THE ASSOCIATION OF DIAGNOSTIC DISCREPANCY AND LENGTH OF STAY, COST OF CARE, AND 30-DAY READMISSION

Monday, October 24, 2011
Poster Board # 15
(Scientific Abstracts should report the results of original research related to diagnostic error in medicine and must contain quantitative or qualitative data. Each abstract should be 400 words or less, have a descriptive title, and the following 4 sections: background, methods, results, and conclusion; may include 1 table or figure. ) Scientific Abstract

Robert McNutt, MD, FACP, Rush University Medical Center, Lagrange, IL

Background:   Diagnosis discrepancy, defined as an admitting ICD-9CM diagnostic code that does not match the discharge diagnosis code, is associated with longer length-of-stay (LOS).  However, the association between diagnosis discrepancy, cost of care, and 30-day readmission rate has not been studied.  In this study, we examined this association and also explored those clincal domains most likely to have a diagnosis discrepancy.

Methods: We used a retrospective, cross-sectional design.
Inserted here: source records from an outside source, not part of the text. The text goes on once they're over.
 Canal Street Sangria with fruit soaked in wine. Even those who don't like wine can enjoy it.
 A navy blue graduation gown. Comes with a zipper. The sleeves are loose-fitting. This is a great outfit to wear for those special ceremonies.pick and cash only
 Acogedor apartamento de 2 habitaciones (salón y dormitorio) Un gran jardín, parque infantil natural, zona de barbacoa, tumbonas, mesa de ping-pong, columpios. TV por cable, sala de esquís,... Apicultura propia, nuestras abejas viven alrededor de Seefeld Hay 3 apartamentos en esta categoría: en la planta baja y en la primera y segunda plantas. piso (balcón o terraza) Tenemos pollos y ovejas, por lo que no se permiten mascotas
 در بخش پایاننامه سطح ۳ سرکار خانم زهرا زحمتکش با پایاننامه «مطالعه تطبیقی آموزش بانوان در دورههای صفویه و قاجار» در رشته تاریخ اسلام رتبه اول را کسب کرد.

The study population was all patients admitted to general internal medicine units between July 2009 and June 2010.  We excluded routine admissions for oncology patients, patients with surgical DRGs, and those with scheduled admissions.  Patients were classified as discrepant if the 3 digit diagnosis code did not match. Outcome measures were: differences in LOS, total direct cost of care as calculated by the hospital’s cost accounting system, and 30-day readmission rate for discrepant and non-discrepant patients.  We fit generalized linear regression models for direct costs and LOS and a binary logistic regression model for 30-day readmission, controlling  for demographics, insurance status, admission source and number of comorbidities.
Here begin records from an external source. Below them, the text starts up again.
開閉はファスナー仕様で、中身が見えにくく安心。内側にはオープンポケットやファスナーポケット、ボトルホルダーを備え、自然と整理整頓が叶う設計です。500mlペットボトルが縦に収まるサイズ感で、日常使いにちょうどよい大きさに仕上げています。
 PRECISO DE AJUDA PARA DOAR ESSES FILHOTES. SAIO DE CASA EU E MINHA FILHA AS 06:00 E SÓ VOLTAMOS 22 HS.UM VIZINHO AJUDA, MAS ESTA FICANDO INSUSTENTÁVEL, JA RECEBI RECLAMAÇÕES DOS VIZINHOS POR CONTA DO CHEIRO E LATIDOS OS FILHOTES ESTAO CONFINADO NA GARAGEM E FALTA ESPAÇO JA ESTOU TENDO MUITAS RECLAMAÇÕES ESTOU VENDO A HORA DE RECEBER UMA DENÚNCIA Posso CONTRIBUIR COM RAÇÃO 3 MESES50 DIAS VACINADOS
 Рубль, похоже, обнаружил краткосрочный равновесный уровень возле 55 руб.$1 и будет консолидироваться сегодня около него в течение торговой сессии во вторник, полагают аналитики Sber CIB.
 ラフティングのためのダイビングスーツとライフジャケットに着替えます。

Results:   Of the 2,390 patients fitting our inclusion criteria, 1,624  (68%) had a diagnosis discrepancy.  Patients with discrepancy had longer LOS (4.2 days vs 3.9 days; p=0.058), cost of care ($4,627 vs $4,090; p=0.003), and 30-day readmission (18% vs 12%, p<0.001).  The proportion of discrepant diagnoses was lowest for patients admitted with neoplastic admitting diagnoses (18%) and highest for respiratory admitting diagnoses (86%). When diagnoses were grouped by clinical category (i.e., digestive) we found that the clinical category changed often; from a low of  44% (digestive  to other [i.e., digestive to respiratory]) to a high of  82% (endocrine to other [i.e., endocrine to infection]).  The adjusted models indicated that diagnosis discrepancy was an independent predictor of all outcomes.
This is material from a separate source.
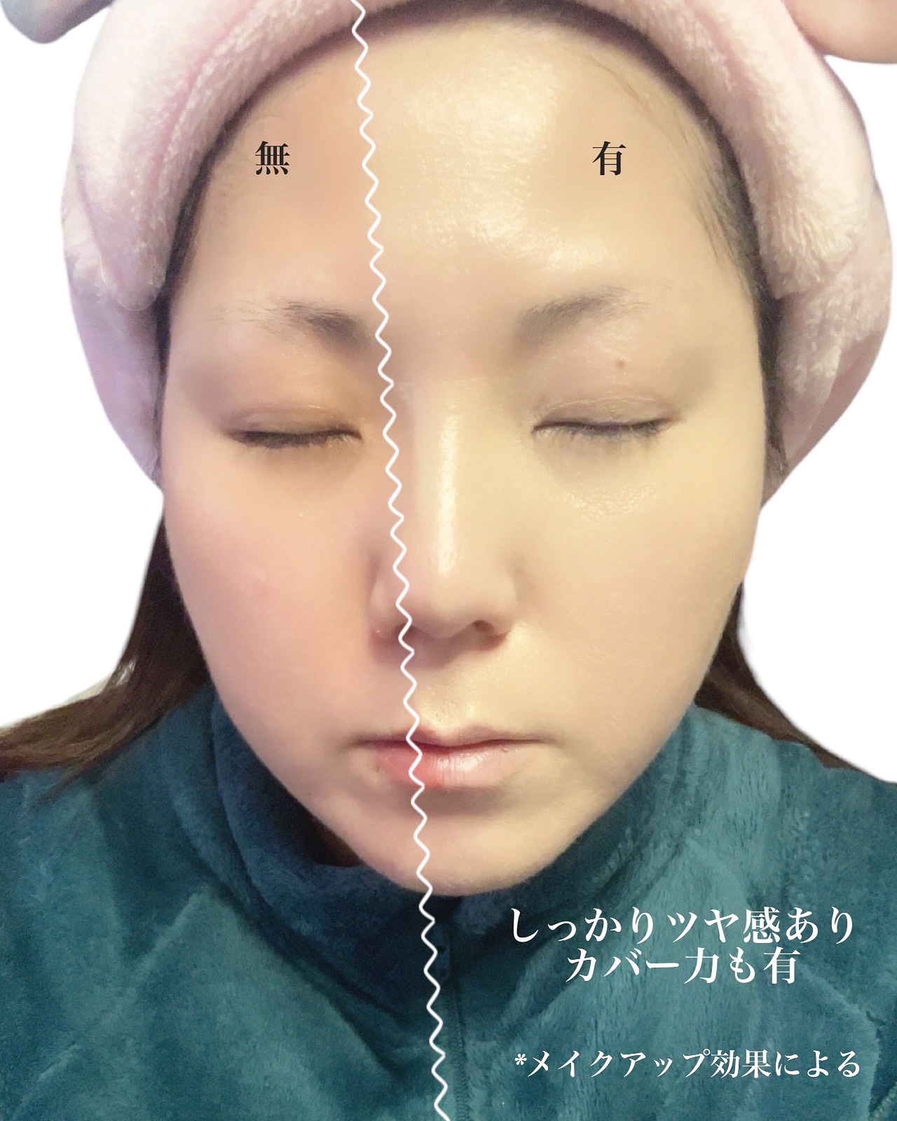 ぷっくりしたハートです。それも、淡いピンクなのがまた可愛い。 こちらの特長は、まるで自分の肌のような「自然なカバー力」と、輝くような「ツヤ肌」を長時間維持するということみたい。 厚塗り感もなく、均一な肌トーンですね。

Conclusion: Diagnosis discrepancy is associated with increase LOS, cost of care and readmission at 30 days, and is independent of patient demographics, insurance status, and risk adjustment. Diagnosis discrepancy varies by clinical domain and specific diagnostic entities. Given the high proportion of changes in diagnosis and even clinical category between admitting and discharge diagnoses, our finding most likely reflects diagnostic complexity. Further exploration for causes of diagnosis discrepancy is needed as diagnosis discrepancy is statistically and clinically significantly associated with hospital practice outcome measures.